The Intercept is reporting that the Biden administration is considering appointing Renata Hesse as Assistant Attorney General for Antitrust. The potential appointment has raised eyebrows in the press since Hesse in private practice worked on antitrust cases on behalf of both Google and Amazon. Google is already under antitrust investigation and if Hesse were to become AAG she’d at the very least have to recuse herself. Is it even appropriate to appoint someone that deeply conflicted? Were there no other antitrust attorneys in Washington DC to take the job?
But it’s even worse than it first appears.
Talk to any songwriter even tangentially involved in public policy and the story is much more alarming. Hesse isn’t just any Google/Amazon attorney. Hesse has a terrible history with songwriters. Last go around when Hesse was acting AAG for Antitrust in the Obama administration she tried to promulgate a new rule for songwriters that would have greatly benefited Google as it faced a $1 billion dollar lawsuit from an organization that represented songwriters.
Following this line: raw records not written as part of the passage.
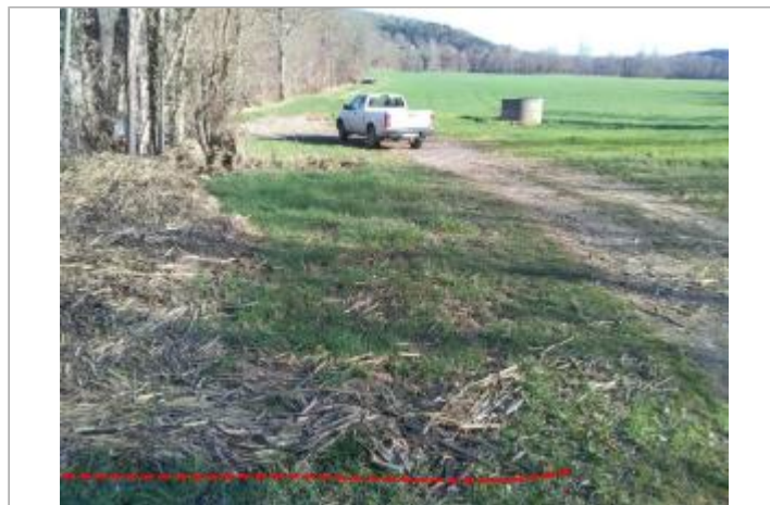
Chemin d'exploitation au bord de la D7

GÉOLOCALISATION Coordonnées WGS84 : X: 1.93396594 / Y: 43.03885720 Coordonnées RGF93 (Lambert 93) X: 613057.86 / Y: 6216091.13 Coordonnées RGF93 (ETRS89) : X: 1.9339659 / Y: 43.0388572 Code Hydro: O1--0290 Rive de référence: Gauche
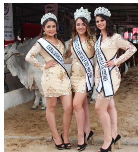
Bellas Reinas de Ixtlahuacán del Río

generan empleos y otras actividades que de manera indirecta dan participación de sus beneficios a los pobladores. Estos beneficios llegan a las familias de más de 30 localidades. R
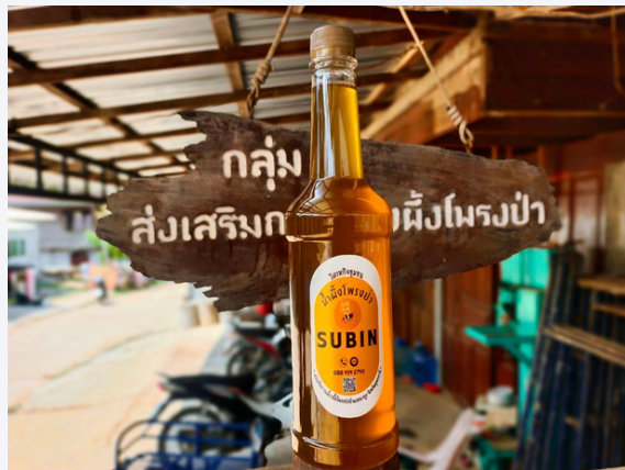
บรรจุภัณฑ์น้ำผึ้งโพรงของกลุ่มส่งเสริมการเลี้ยงผึ้งป่า
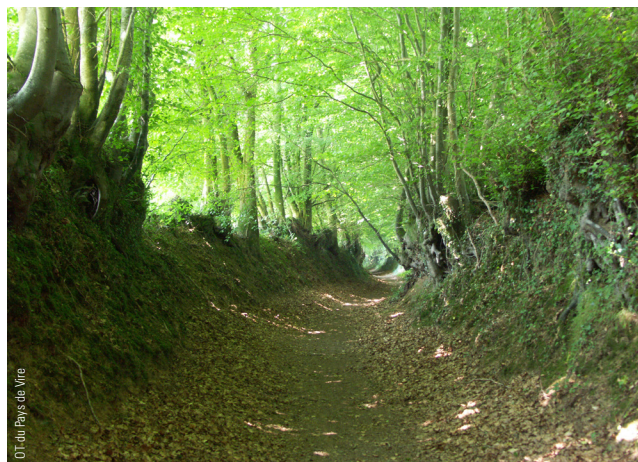
OT du Pays de Vire
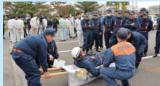
▲負傷者の搬送訓練
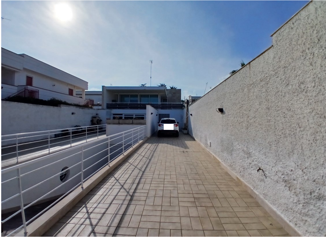
Foto 4 Vista Esterna Accesso Carrabile
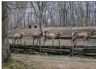
▲安平町鹿公園「エゾシカの丘」
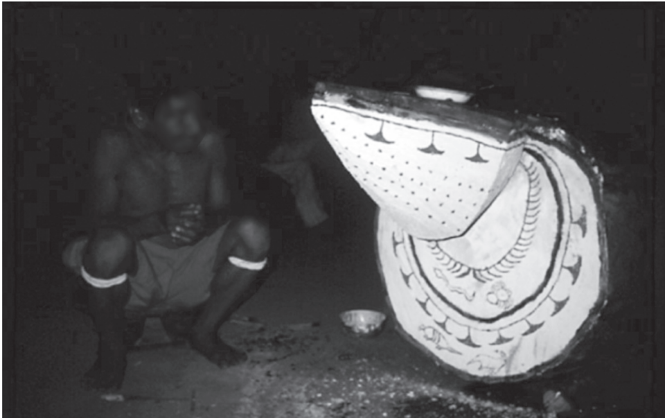
Figura 2. Ojuo'daa, el dueño de las aguas, quien, transformado en canoa de fermentación, presta su vientre para depositar el sari que se consumirá en la fiesta
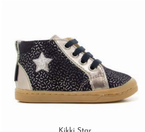
Kikki Star 1 - Candy - Laminato / Navy - Pyrite
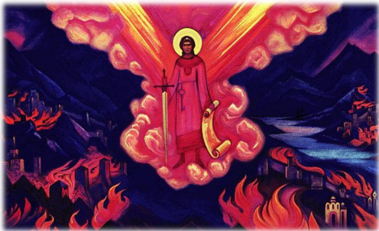
N. ROERICH L'ULTIMO ANGELO

Poi vidi un altro Angelo potente che scendeva dal cielo, avvolto in una nuvola; sopra il suo capo era l'arcobaleno; la sua faccia era venire il sole, e i suoi piedi venire colonne di fuoco; In mano teneva un libretto aperto. ... Sette tuoni emisero le loro voci ... [e] io stavo per scrivere ... [ma] sentii una voce dal cielo dire dentro di me: Sigilla le cose che i sette tuoni hanno detto, e non le scrivere (Ap. X, 1-4).
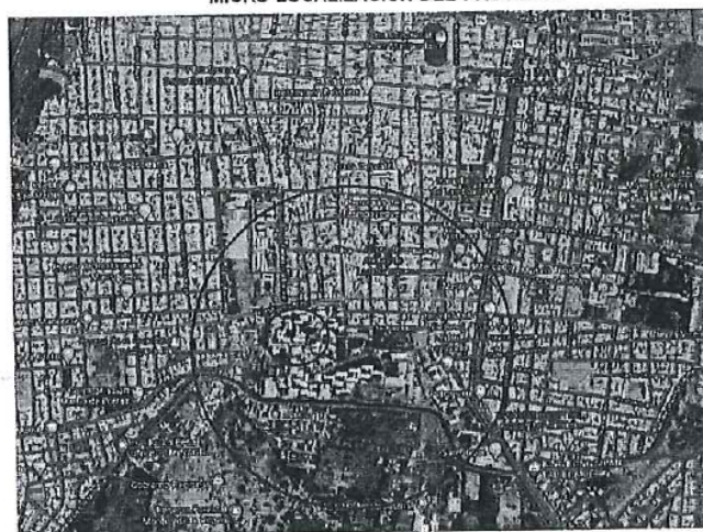
GRAFICO 01: Ámbito de influencia del proyecto Ciudad de Lambayeque vs Ciudad Universitaria
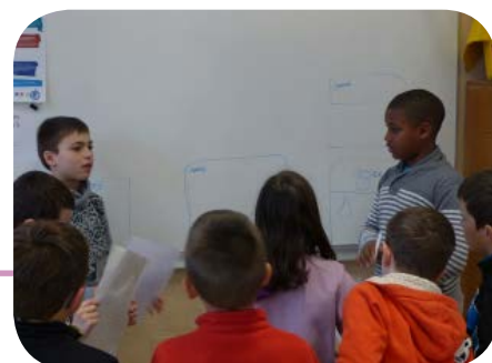
Les CM2 de l'école de Vertolaye, forment les plus petits à l'utilisation du composteur scolaire
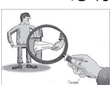
در این شاخص کشورهای گرجستان، ژاپن و سوئیس بالاترین تولید ناخالص ملی از نرخ تورم بیشتر باشد رفاه جامعه افزایش پیدا کرده است.

رشد تولید ناخالص ملی و سطح رفاه جامعه ارتباط تنگاتنگی وجود دارد. هر گاه نرخ رشد تولید ناخالص ملی از نرخ تورم بیشتر باشد رفاه جامعه افزایش پیدا کرده است.
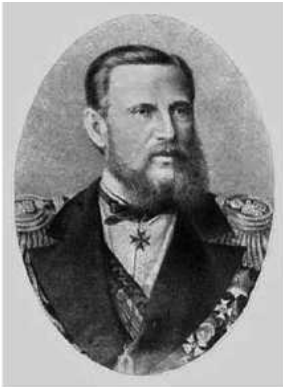
Ил. 7. Великий князь Константин Николаевич Романов (1827–1892)

1. Великий князь Константин Николаевич Романов. Реформатор российского флота. После гибели Черноморского флота под Севастополем во время Крымской войны (1853–
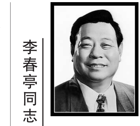
新华社济南8月28日电

谷善庆是中国共产党第十四次全国代表大会代表、第十四届中央委员会委员,第九届全国人民代表大会常务委员、财经委员会委员。他1988年被授予少将军衔,1990年晋升为中将军衔,1994年晋升为上将军衔,曾荣获解放奖章和中国人民解放军胜利功勋荣誉章。
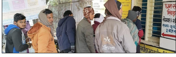
शकुन टाइम्स संवाददाता

कन्नौज। उत्तर प्रदेश सरकार की योगी सरकार बिजली बिल बकाये दार उपभोक्ताओं की सहूलियत के लिए एक मुस्त समाधान योजना लागू की। जिससे उपभोक्ताओं को बिल जमा करने में कोई परेशानी न हो। कई लोगों ने बिल जमा कर दिया है। लेकिन बिजली विभाग के अधिकारियों ने कनेक्शन की जगह 37 गाँव की बिजली काट दी। अडियल रैवया से 37 गाँव की बिजली ठप्प है। जिससे ग्रामीणों को भारी दिक्कत हो रही है 72घंटों के बाद भी बिजली अपूर्ति चोल् नहीं की। बिजली अपूर्ति न करने से सर्द रात्रि में कोई अनहोनी की आशंका बनी हुई है। ठठिया करे डा पटी

It was never clear why the DOJ took this action. It didn’t seem to emerge from any of the DOJ staff attorneys or public comments from licensees. She alone seemed to have pushed the change. The rule was so poorly reasoned the DOJ eventually drew two lawsuits. The DOJ lost one case and dropped/settled the other before it could be decided by the courts. During the fiasco it was revealed that Hesse had purposely omitted from her official DOJ bio her private practice work for Google fending off state antitrust investigations. As a result many people including myself have speculated the entire episode only made sense if the rule change was purposely proposed to help Google. In other words it looked suspiciously like a case of high level corruption that should have been investigated. It never was.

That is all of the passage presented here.